- _WHAT THE TASK REQUIRES_:
Copies of all lines that contain "this" are needed; take them from the data below.

[Dataset items]
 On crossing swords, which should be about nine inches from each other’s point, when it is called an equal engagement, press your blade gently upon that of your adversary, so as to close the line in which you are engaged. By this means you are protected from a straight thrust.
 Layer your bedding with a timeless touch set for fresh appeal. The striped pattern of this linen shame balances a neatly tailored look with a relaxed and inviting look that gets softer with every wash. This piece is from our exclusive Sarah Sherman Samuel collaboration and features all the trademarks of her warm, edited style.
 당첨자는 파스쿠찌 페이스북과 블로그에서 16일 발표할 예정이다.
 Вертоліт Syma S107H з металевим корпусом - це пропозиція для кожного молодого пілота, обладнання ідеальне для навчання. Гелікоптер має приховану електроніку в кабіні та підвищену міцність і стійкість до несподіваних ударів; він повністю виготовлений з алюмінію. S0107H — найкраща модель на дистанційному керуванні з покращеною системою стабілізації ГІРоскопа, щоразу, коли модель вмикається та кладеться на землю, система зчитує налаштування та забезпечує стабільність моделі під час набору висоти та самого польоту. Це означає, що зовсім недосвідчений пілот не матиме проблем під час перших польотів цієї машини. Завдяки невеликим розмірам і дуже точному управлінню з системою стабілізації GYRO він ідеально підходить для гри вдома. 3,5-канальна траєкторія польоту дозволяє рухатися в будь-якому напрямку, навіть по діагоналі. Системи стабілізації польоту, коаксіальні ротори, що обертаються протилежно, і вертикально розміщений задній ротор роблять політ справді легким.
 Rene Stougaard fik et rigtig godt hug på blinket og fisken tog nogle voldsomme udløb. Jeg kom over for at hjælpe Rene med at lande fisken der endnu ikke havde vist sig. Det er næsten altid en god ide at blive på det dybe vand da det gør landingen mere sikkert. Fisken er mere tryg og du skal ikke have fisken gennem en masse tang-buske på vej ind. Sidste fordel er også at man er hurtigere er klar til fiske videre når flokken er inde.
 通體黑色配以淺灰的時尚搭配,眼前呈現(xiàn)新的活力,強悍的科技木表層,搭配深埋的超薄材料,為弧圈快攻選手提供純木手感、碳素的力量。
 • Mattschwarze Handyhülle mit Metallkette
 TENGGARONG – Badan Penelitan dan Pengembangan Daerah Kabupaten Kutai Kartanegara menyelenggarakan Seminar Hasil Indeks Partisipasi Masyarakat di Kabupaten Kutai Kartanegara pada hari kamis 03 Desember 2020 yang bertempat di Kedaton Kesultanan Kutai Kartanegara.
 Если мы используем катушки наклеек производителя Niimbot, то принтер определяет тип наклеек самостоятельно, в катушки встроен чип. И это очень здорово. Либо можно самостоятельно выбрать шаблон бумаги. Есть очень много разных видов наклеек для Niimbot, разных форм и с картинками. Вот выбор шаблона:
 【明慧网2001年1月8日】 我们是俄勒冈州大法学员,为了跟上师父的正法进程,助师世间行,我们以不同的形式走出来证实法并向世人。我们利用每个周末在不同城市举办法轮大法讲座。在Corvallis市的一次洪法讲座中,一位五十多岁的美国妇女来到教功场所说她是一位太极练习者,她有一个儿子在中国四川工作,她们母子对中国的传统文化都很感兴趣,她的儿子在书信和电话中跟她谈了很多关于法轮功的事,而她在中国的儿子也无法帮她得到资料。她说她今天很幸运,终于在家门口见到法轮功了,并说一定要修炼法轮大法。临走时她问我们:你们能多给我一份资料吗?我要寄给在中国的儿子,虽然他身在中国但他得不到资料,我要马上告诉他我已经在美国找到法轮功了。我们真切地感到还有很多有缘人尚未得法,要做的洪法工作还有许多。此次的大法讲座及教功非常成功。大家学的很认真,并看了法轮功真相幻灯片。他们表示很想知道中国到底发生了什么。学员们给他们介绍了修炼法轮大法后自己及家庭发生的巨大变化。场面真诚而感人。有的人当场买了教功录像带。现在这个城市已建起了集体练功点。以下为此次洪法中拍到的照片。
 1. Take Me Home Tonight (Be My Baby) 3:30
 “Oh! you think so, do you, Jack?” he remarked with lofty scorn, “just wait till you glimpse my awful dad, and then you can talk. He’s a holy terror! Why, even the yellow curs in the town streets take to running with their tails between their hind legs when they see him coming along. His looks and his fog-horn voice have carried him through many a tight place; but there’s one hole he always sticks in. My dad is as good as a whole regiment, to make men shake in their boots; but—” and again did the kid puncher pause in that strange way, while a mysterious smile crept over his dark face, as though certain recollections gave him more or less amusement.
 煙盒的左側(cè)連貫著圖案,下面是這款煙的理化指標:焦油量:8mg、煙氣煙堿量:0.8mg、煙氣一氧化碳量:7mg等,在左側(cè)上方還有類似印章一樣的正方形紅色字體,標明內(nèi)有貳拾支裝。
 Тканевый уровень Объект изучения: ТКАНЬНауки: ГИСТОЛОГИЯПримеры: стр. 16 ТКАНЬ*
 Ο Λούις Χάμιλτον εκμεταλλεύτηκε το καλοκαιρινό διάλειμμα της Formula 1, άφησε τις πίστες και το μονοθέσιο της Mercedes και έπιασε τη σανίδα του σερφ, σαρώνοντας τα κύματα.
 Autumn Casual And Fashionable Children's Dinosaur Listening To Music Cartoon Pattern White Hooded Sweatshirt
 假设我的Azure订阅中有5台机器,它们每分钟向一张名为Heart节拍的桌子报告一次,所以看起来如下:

- _ANSWER SECTION_:
 On crossing swords, which should be about nine inches from each other’s point, when it is called an equal engagement, press your blade gently upon that of your adversary, so as to close the line in which you are engaged. By this means you are protected from a straight thrust.
 Layer your bedding with a timeless touch set for fresh appeal. The striped pattern of this linen shame balances a neatly tailored look with a relaxed and inviting look that gets softer with every wash. This piece is from our exclusive Sarah Sherman Samuel collaboration and features all the trademarks of her warm, edited style.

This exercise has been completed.